What you are asked to do
From the first line to the last, set down the material exactly, leaving out its pictures.

Input data
● ● ●

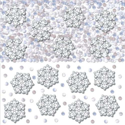 Hópehely formájú konfetti 3 x 31 g. Varázsolj ünnepi hangulatot és egészítsd ki a karácsonyi dekorációt ezzel a hópehely formájú konfettivel. Adhatsz mellé csillag vagy fenyőfa formájú konfettit is.
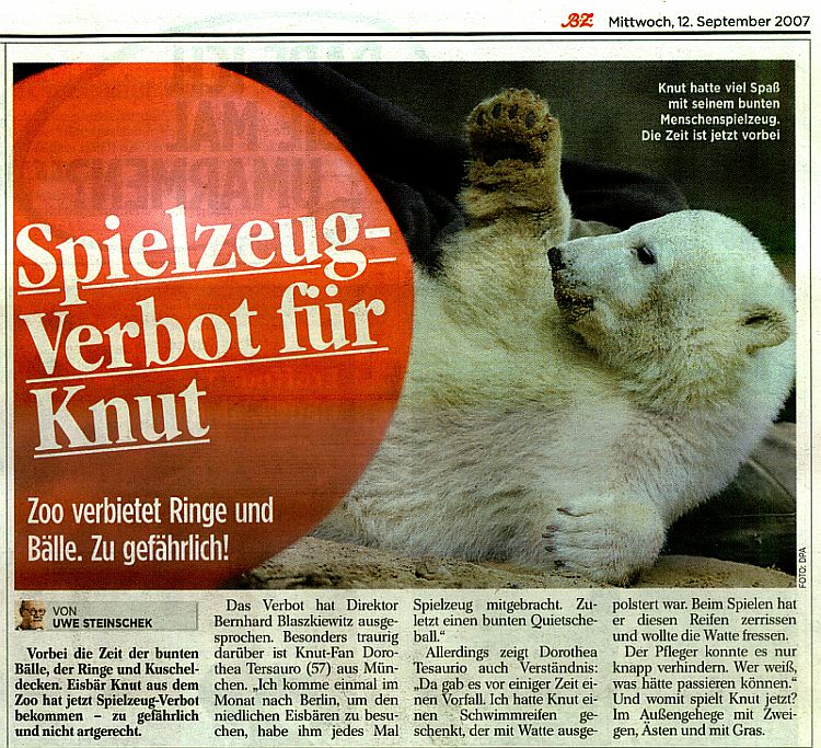 unter www.orf.at ist auch ein Artikel bei den News über Knut aber nichts neues, nur die schon bekannte Geschichte von Dr. Ochs.
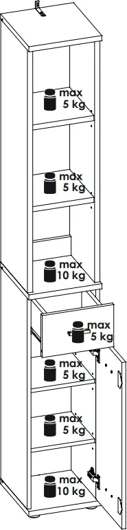 - Praktyczny układ mebli - otwarte półki i zamknięte szafki pozwalają wygodnie przechowywać i eksponować przedmioty.
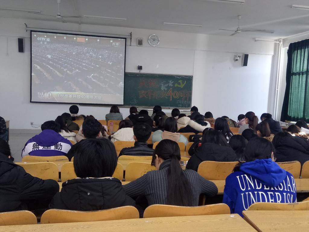 12月18日上午,工商管理学院组织在校部分师生集体收看了纪念改革开放40年庆祝大会,与会的教师和学生认真聆听了习总书记在纪念大会上的重要讲话。习总书记的讲话在我院广大教师和学生引起了热烈反响。

● ● ●

Exercise result
 Hópehely formájú konfetti 3 x 31 g. Varázsolj ünnepi hangulatot és egészítsd ki a karácsonyi dekorációt ezzel a hópehely formájú konfettivel. Adhatsz mellé csillag vagy fenyőfa formájú konfettit is.
 unter www.orf.at ist auch ein Artikel bei den News über Knut aber nichts neues, nur die schon bekannte Geschichte von Dr. Ochs.
 - Praktyczny układ mebli - otwarte półki i zamknięte szafki pozwalają wygodnie przechowywać i eksponować przedmioty.
 12月18日上午,工商管理学院组织在校部分师生集体收看了纪念改革开放40年庆祝大会,与会的教师和学生认真聆听了习总书记在纪念大会上的重要讲话。习总书记的讲话在我院广大教师和学生引起了热烈反响。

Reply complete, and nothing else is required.